## Work order
Return all the lines below in which the string "unique" appears.
-------- Listed records --------
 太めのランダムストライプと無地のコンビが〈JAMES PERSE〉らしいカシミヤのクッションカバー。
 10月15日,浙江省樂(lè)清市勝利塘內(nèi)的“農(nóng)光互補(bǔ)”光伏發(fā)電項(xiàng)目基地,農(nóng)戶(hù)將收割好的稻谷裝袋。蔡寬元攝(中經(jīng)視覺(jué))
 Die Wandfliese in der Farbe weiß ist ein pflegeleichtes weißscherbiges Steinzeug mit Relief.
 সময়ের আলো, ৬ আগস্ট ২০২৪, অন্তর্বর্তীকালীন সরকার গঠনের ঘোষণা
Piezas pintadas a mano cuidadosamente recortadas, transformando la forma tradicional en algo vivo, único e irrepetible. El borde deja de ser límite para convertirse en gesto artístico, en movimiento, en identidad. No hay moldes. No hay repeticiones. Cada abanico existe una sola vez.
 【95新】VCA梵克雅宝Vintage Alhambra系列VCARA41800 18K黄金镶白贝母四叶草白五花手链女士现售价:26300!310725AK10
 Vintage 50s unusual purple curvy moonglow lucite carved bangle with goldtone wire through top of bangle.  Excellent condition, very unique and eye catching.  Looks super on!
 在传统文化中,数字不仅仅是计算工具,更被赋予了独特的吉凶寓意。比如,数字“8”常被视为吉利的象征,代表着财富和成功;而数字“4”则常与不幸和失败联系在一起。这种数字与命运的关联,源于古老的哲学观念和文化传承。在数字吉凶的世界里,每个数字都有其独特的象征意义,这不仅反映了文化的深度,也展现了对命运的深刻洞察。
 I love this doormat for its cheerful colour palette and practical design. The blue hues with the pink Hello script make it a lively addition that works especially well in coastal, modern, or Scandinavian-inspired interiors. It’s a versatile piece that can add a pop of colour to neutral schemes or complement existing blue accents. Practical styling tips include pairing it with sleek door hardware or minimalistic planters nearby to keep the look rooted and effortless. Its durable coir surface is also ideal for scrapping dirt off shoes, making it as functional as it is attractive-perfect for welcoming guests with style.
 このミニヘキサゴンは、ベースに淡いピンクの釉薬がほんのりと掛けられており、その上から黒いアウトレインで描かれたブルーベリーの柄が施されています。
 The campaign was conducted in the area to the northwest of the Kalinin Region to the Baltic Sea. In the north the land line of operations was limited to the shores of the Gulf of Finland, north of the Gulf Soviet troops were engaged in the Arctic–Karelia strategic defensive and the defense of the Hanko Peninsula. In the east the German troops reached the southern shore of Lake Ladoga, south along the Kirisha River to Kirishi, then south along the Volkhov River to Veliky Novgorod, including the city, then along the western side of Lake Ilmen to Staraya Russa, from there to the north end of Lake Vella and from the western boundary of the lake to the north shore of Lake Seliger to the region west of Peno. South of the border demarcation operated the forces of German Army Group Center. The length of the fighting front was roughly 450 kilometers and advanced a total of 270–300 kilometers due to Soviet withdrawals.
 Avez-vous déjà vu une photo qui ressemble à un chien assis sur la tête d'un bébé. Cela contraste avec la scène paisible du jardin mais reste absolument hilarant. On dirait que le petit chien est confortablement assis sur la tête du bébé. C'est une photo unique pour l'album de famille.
--------
## Result for this exercise
 Vintage 50s unusual purple curvy moonglow lucite carved bangle with goldtone wire through top of bangle.  Excellent condition, very unique and eye catching.  Looks super on!
 Avez-vous déjà vu une photo qui ressemble à un chien assis sur la tête d'un bébé. Cela contraste avec la scène paisible du jardin mais reste absolument hilarant. On dirait que le petit chien est confortablement assis sur la tête du bébé. C'est une photo unique pour l'album de famille.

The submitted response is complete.